**PROVIDED MATERIAL**
*** Begin section ***

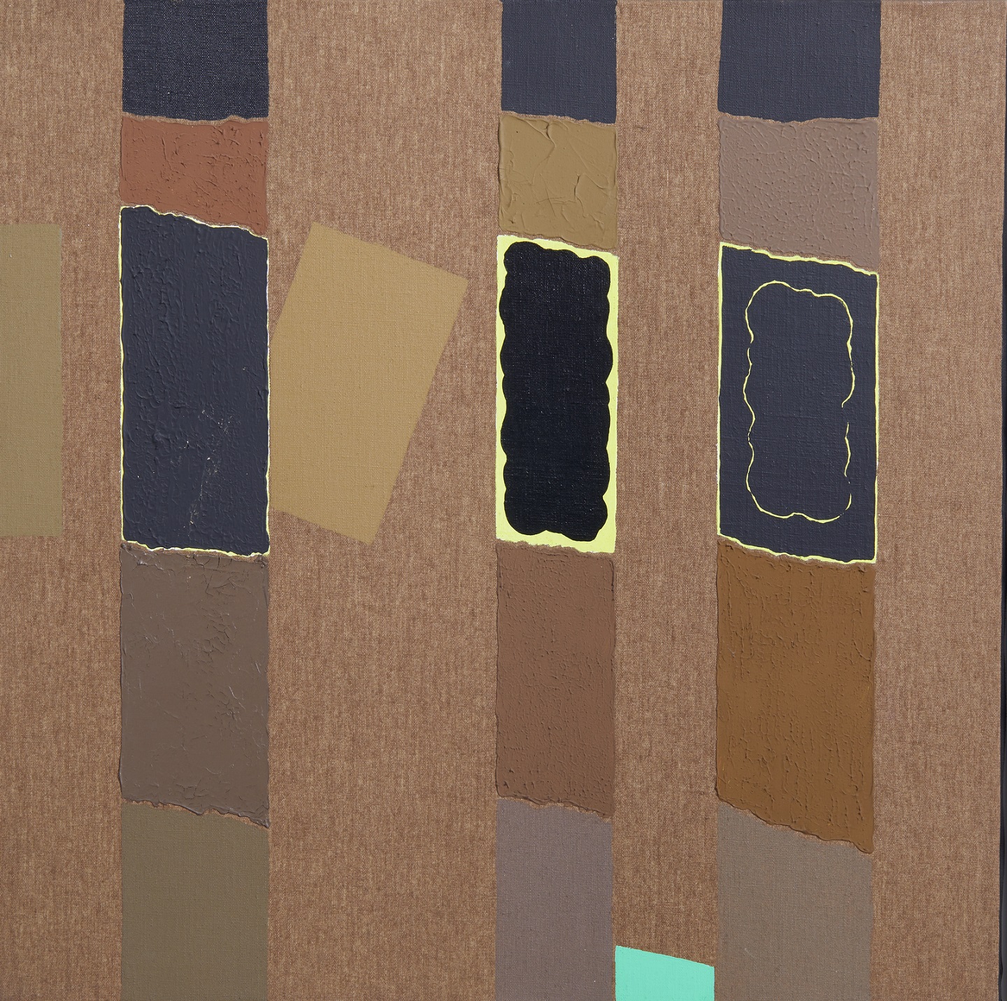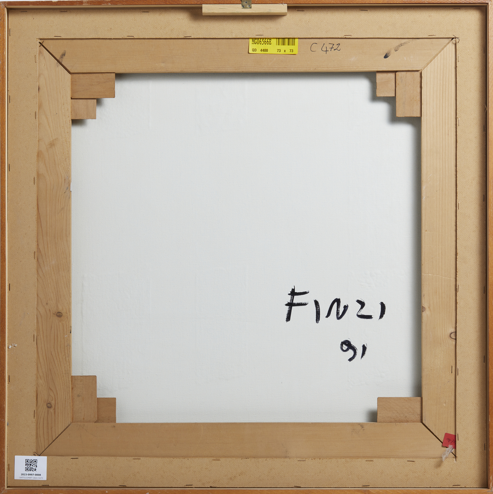 FINZI ENNIO (n. 1931) Senza titolo. . 1991. Olio su tela . Cm 73,00 x 73,00. Al retro firma e anno. Opera archiviata presso la Galleria d'Arte Dante Vecchiato, Padova, come da documentazione fotografica allegata all'opera riportante il relativo numero d'inventario. Certificato di provenienza Telemarket, Brescia. Cornice presente
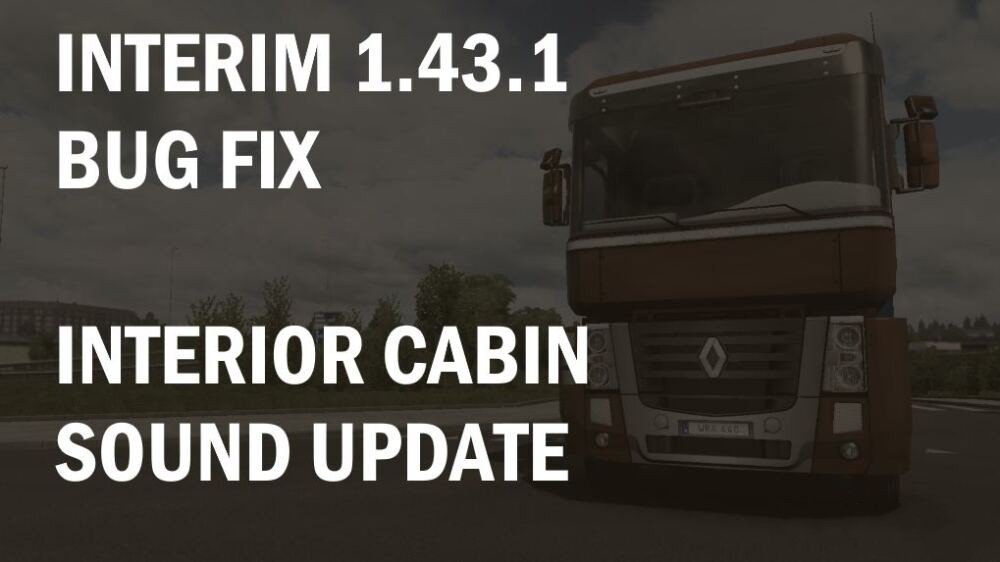 This mod adds the following fixes for ETS2 base game trucks affected by the 1.43.1 interior cabin sound update. * Balanced sounds: Stopped interior sounds from being louder than when the camera is outside and next to the engine. * Reduced the excess reverb in the cabin. * Lowered sound volume of high pitch sounds such as turbo when windows are closed. It is useful for those preferring a similar sound experience that 1.42 provided. The Sound Fixes Pack is also providing these fixes, however they will expire on December 14, 2021 for compatibility with future 1.43 sound mods. The extra few days is to buy time for other sound modders to adapt. Therefore, this mod is intended as an interim fix for default trucks in 1.43.1. Modders are welcome to use the baseline settings provided in this mod for sound_effects_units.sui Tip: Do not stray too far in increasing gain values, because it may affect all sounds such as traffic and ambient sounds. Credits: Drive Safely Credits: Drive Safely |
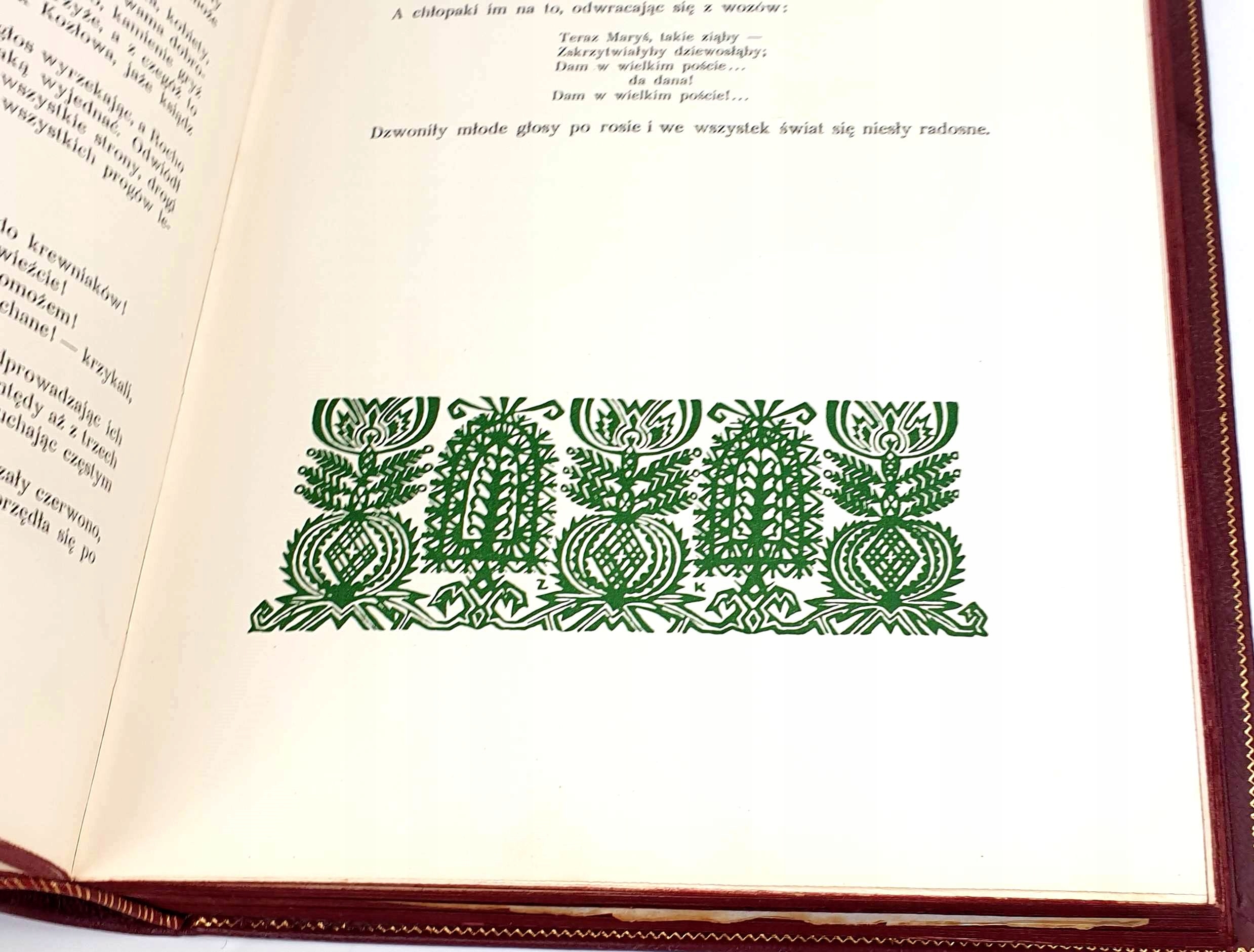 Найбільш вражаюче, прекрасне видання роману, за яке автор отримав Нобелівську премію з літератури за 1924 рік - і одна з найкрасивіших польських ілюстрованих книжок. Різнокольорові дошки, численні одноколірні прикраси в тексті. Книжка гарно надрукована, великим шрифтом, на хорошому папері.

*** End section ***

**REQUIREMENT**
The answer must be the exact lines from the line with "This mod adds" to the final line of the data, both ends included, with no pictures.

**EXERCISE SOLUTION**
 This mod adds the following fixes for ETS2 base game trucks affected by the 1.43.1 interior cabin sound update. * Balanced sounds: Stopped interior sounds from being louder than when the camera is outside and next to the engine. * Reduced the excess reverb in the cabin. * Lowered sound volume of high pitch sounds such as turbo when windows are closed. It is useful for those preferring a similar sound experience that 1.42 provided. The Sound Fixes Pack is also providing these fixes, however they will expire on December 14, 2021 for compatibility with future 1.43 sound mods. The extra few days is to buy time for other sound modders to adapt. Therefore, this mod is intended as an interim fix for default trucks in 1.43.1. Modders are welcome to use the baseline settings provided in this mod for sound_effects_units.sui Tip: Do not stray too far in increasing gain values, because it may affect all sounds such as traffic and ambient sounds. Credits: Drive Safely Credits: Drive Safely |
 Найбільш вражаюче, прекрасне видання роману, за яке автор отримав Нобелівську премію з літератури за 1924 рік - і одна з найкрасивіших польських ілюстрованих книжок. Різнокольорові дошки, численні одноколірні прикраси в тексті. Книжка гарно надрукована, великим шрифтом, на хорошому папері.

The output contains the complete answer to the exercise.